ON THE TWITTERING MACHINE: Arthur Sze was discussing the ekphrasic poems of Mary Jo Bang at a small summer class in Napa Valley. He questioned the how and the why of poems about art. In a similar discussion Sze discussed the Haibun form, its roots being with Basho and other Japanese poets. The Haibun begins with a prose section about one's journey and ends with a Haiku that crystallizes the prose passage preceding it. In my poem "The Twittering Machine" I consciously set out to write an ekphrasic Haibun where the prose was about a passage, a journey. This passage would be through time and time's synchronicities as they apply to the artist Paul Klee and my response to his work. The haiku that follows the prose is an attempt to include the texture of canvas, the gestural and expressive qualities I feel, and the physical processes Klee used in articulating his painting The Twittering Machine. I wanted to subvert the Haibun, yet stick strictly to its form...all the while trying to honor Klee and his art work. Oh yeah, I also wanted to write a good poem.

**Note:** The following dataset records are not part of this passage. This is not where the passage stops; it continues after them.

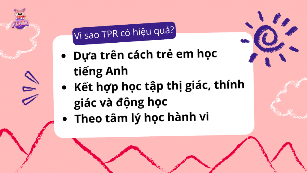 - TPR giúp hầu hết các đối tượng học sinh, đặc biệt là trẻ em và người mới bắt đầu ghi nhớ từ mới dễ dàng hơn bằng việc đưa ngôn ngữ và người học vào một bối cảnh nhất định.
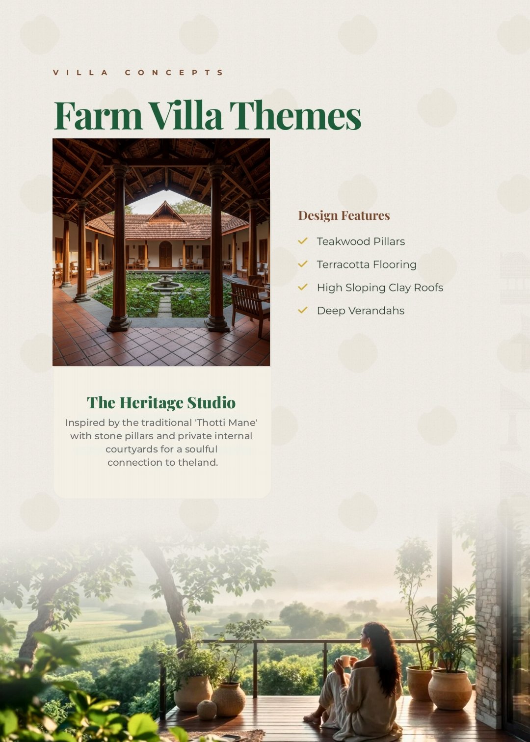 Clubhouse & Leisure: A central hub featuring a Malnad-style clubhouse, swimming pool, and yoga decks overlooking the misty valleys.
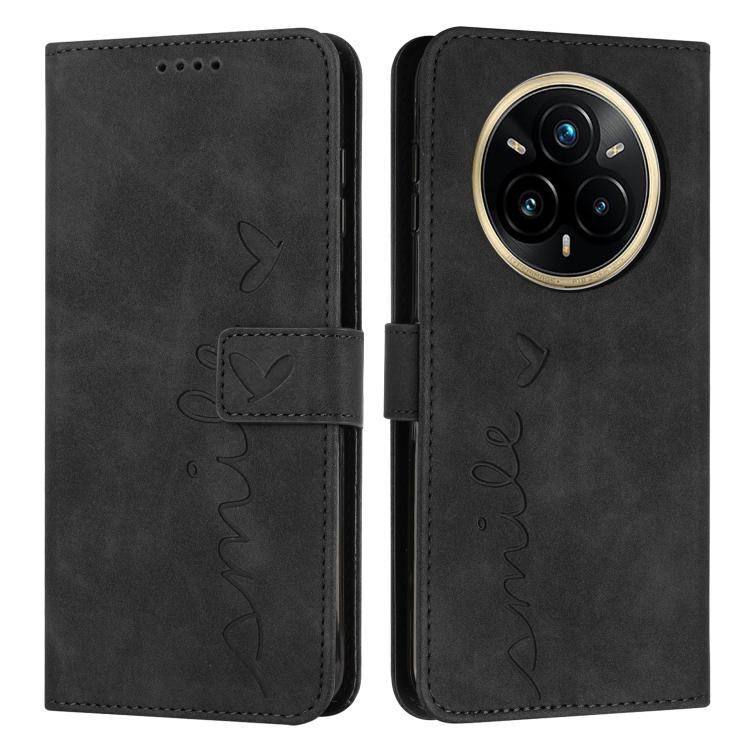 Funda de Cuero con Relieve de Corazón para Realme 14 Pro con Cordón Largo (Negro)
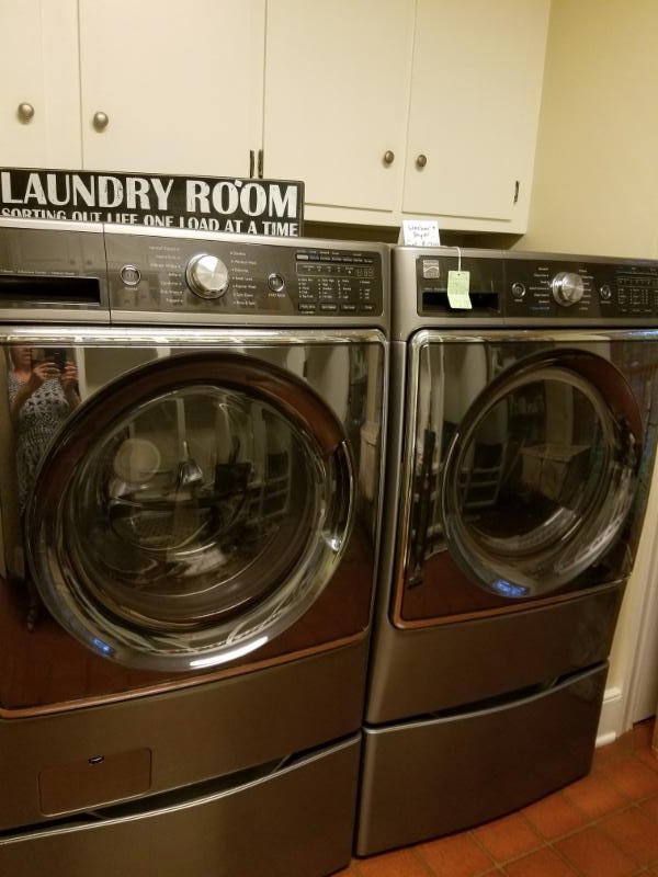 Elite Kenmore front loading washer and dryer like new with pedestal drawers, professional ironing board, Shark vac, Dyson vac with all attachments, 2 Miele vacs, cleaning products galore, French canvas laundry cart, bedding
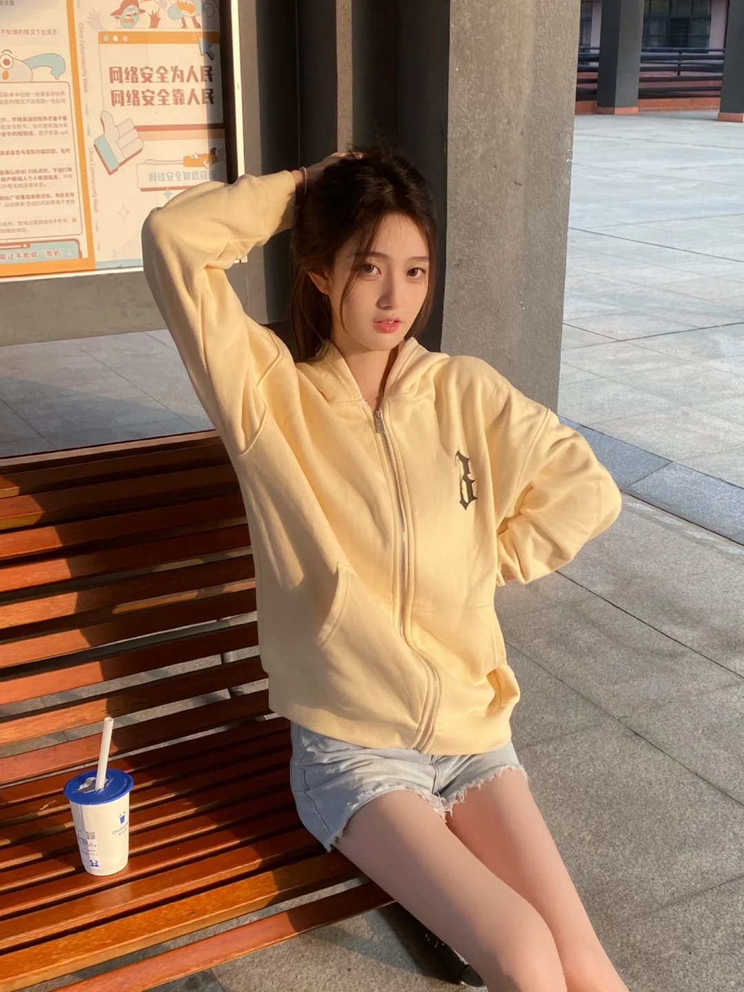下课后和舍友坐在教学区椅子上休息 发现阳光意外的不错
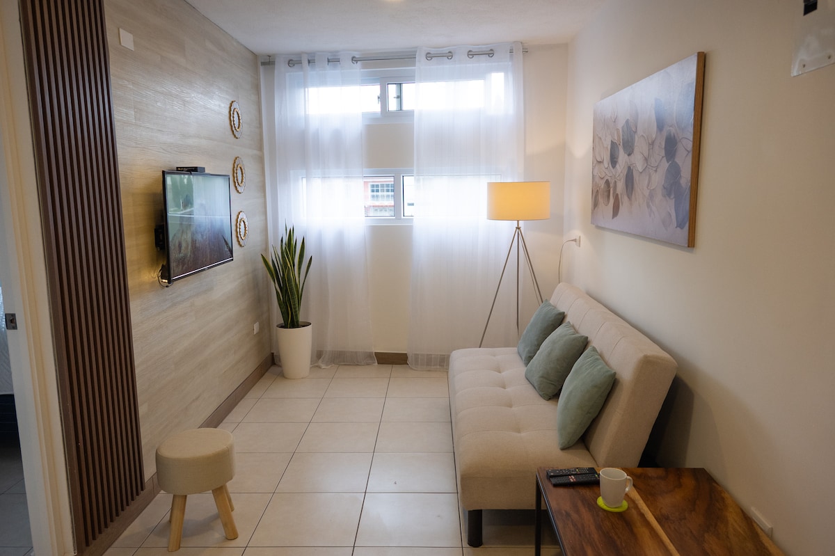 Apartamento acogedor y luminoso en zona residencial 🌿✨ Disfruta de una estancia cómoda en este espacio lleno de luz natural, ubicado en una zona tranquila y segura. A solo 15–20 minutos en carro del centro, tendrás fácil acceso a todo mientras descansas lejos del ruido. Incluye parqueo privado para 1 vehículo y el condominio cuenta con áreas verdes y juegos para niños. Ideal para viajes de descanso o trabajo. ¡Todos son bienvenidos! 😊
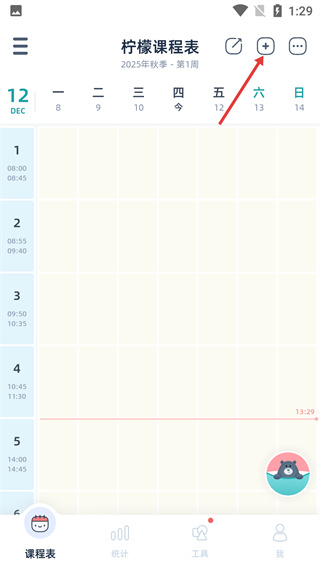 1、進(jìn)入檸檬課程表頁面,找到右上角的【+】按鈕并點(diǎn)擊,進(jìn)入課程信息的添加頁面。
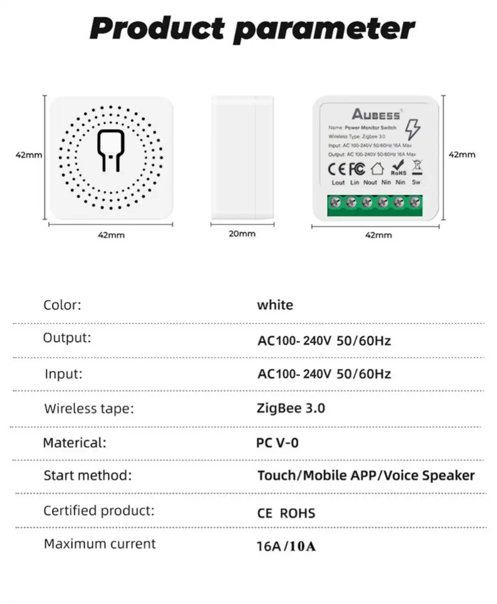 Tuya Zigbee мини умный модуль переключателя с энергетическим монитором 16A таймер беспроводной переключатель умный дом с Alexa Google Home Яндекса
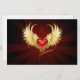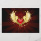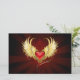 Coeur rouge vif d'un ange aux ailes dorées brillant dans l'arrière - plan rouge foncé et rayonnant décoré d'un motif.
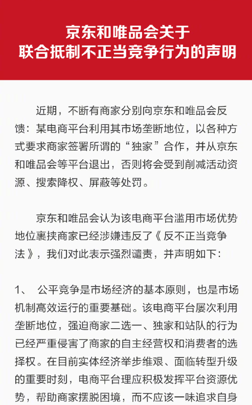 此次6.18的「二選一」風波昨日又有了下文,京東和唯品會在《關於聯合抵制不正當競爭行為的聲明》)中表示,近期不斷有商家分別向京東和唯品會反饋某電商平台利用其市場壟斷地位,以各種方式要求商家簽署所謂的「獨家」合作,并從京東和唯品會等平台退出,否則將會受到削減活動資源、搜索降權、屏蔽等處罰。
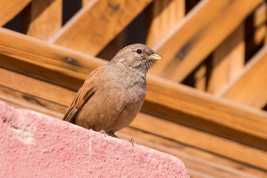 Überwiegend rotbraunes Gefieder; Kopf, Kehle und Brust grau; diffuses weiss-schwarz-graues Kopfmuster.

ON RESCUE VEHICLES: The litany stands as the loosest of possible poetic forms...and one of, if not the most, familiar forms. From the Bible to Leaves of Grass, the litany does work that few forms can. The aspect of litanies that most appeal to me is their quality of invocation. I like the sense that through the force of the passion in the drive of the poem, that line after line, the litany is going to call forth something in more detail than what was there just before. It is not a complicated trope...a grocery list gradually invokes a kitchen or a supermarket. A list of alcoholic drinks invokes a bar or a restaurant. In RESCUE VEHICLES I try to evoke a set of ideas that invoke the fear and resultant relief that comes from fortune in the face of tragedy—the collision of ideas once seemingly lost to us forever with present day circumstance. When I found out my mother was not in her Pentagon office the day the plane hit—I felt relieved, I felt good. But how does one feel that way in the face of such devastation? One person dies, another person gets a kidney and lives. I can't reconcile this conflict. Where does art and imagination stand relative to this? I think about Archimedes all the time. How would the world have been different if we'd had his calculus the centuries before we later re-discovered it? What if the beauty of his mathematical theories hadn't been suppressed, how would the world be different? The poem starts with a comic "like" as a simile and ends with a wishful, if not otherwise disappointed, "as if."